2011 marked a solid year for IT risk professionals in terms of career opportunities. The field of IT risk is fairly broad, considering that these professionals can be employed in IT audit, security, within risk-management functions, IT compliance, or embedded in the business side of an organization. All of these areas are enjoying a healthy rebound in job openings. A recent ISACA survey finds more than one-third of U.S. companies plan to add IT-risk staff over the next 12 months.
While the market for IT risk and security professionals remains solid, we expect to see a continued gap in the "haves" and "have not's" moving forward. Although the number of open positions has increased dramatically, hiring standards remain high.
Although the number of open positions has increased dramatically, hiring standards remain high.
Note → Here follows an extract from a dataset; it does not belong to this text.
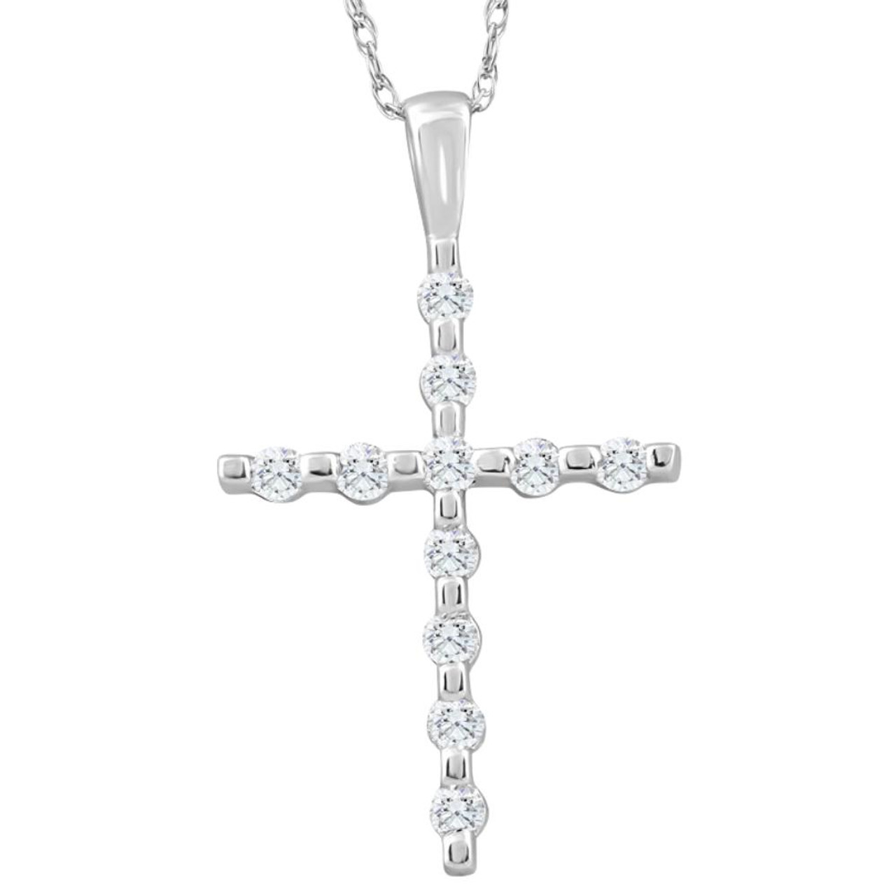 This classic cross pendant features 11 round cut natural diamonds. All diamonds are prong set in 10k white gold. An 18" 10k white gold clasp lock chain is included. 1/5ct total diamond weight. Pendant is 1" tall. 18" chain 10k white gold chain is included.

We see an increasing emphasis on candidates with "the whole package," including deep technical skills or subject-matter expertise, excellent communication skills and a solid understanding of the business and its associated risks. In addition, we also see a strong paradigm shift to focus on candidates that demonstrate creativity, judgment, critical-thinking skills and the ability to effectively multitask and meet tight deadlines. At the same time, the bar remains high with regard to credentials (degrees and certifications) and stable work histories (not too many jumps; good progression; minimal gaps in employment).
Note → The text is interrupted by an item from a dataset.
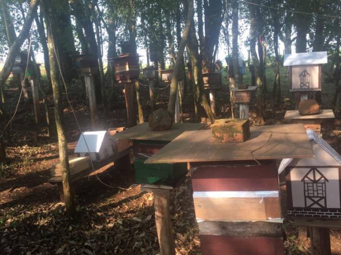 Ainda na parte da manhã, meu amigo Tiago me apresentou sua fazenda de abelhas com várias colmeias modernas com mais de 20 espécies de abelhas nativas sem ferrão. Com estas espécies de abelhas tive o privilégio de trabalhar com Tiago como parte de nosso sistema de pesquisa meio ambiente e sustentabilidade na Unijuí. O mais importante que retiro desta visita é que devemos sensibilizar a população para que conheçam bem esta espécie polinizadora, pois sem ela não terá plantas, sem plantas não terá alimento e sem alimento não terá vida, daí a importância de proteger as abelhas, porque são um verdadeiro escudo protetor para o equilíbrio do nosso ecossistema.

Over the past several years, we have seen structural changes in the economy, which has put a premium on candidates with relevant in-depth knowledge. Moving into 2012, risk professionals will need to develop deep areas of subject-matter expertise. I recommend anyone in the IT risk field to select at least one area relevant to either your organization, or where you would like to move, and dedicate yourself to gaining expert-level knowledge. Here are some areas of increasing importance to IT-risk professionals in 2012:
- The Cloud: Movement to the cloud is inevitable; the only question is to what degree and how fast? The job of the risk professional is to make sure business leaders fully understand and weigh the various risks with the potential cost savings. Among issues of consideration are: security, privacy, reliability, segregation of duties caused by decreased IT personnel, and especially contractual issues, as well as understanding what assurance you have or don't have from an SSAE16 SOC report.
- Mobile Security: This area is really keeping CISOs up at night. This may be leading to a gradual paradigm shift with more focus on protecting critical data as it travels beyond the perimeter, as well as understanding malware vulnerabilities.
- Cyber Threats: These risks, including Advanced Persistent Threats, are becoming increasingly sophisticated and in some cases, state-sponsored. More significant is the change in tactics from "hit and run" attacks to more stealth-like attacks in which hackers will harvest critical information, sometimes over years. This will put a premium on risk individuals having the technical expertise to understand, detect and respond to these challenges and strategically maneuver the enterprise around these risks.
- Social Networking and Privacy: This is another phenomenon that has perhaps grown beyond companies' ability to fully understand all of the repercussions and to develop effective policies to mitigate the risks.
- Data Analytics: This has become an increasingly important skill set, as there is high potential to add value to the organization. Auditors now are able to look at and analyze entire data sets, rather than limited samples, and companies have the ability to develop continuous controls, giving risk professionals the opportunity to use sophisticated tools to evaluate risks and measure the effectiveness of these controls.
- Reducing the Compliance Burden: There is no mistake that companies have come under a mountain of regulatory scrutiny (SOX, HIPAA, PCI DSS, ISO, Dodd-Frank and others), with new legislation and guidance coming out every day. The opportunity for the risk professional is to reduce the regulatory burden, or what Microsoft calls "The Audit Tax" by finding redundancies, leveraging prior work and generally looking to streamline the process, while still maintaining compliance.
The sooner risk professionals specialize and gain expertise in these areas, the better advisers they can be to the board and other executives on risk-related issues.
Todd Weinman is president and chief recruiting officer of The Weinman Group, an executive search firm specializing in audit and GRC. He is a member of the Leadership Development Committee for ISACA.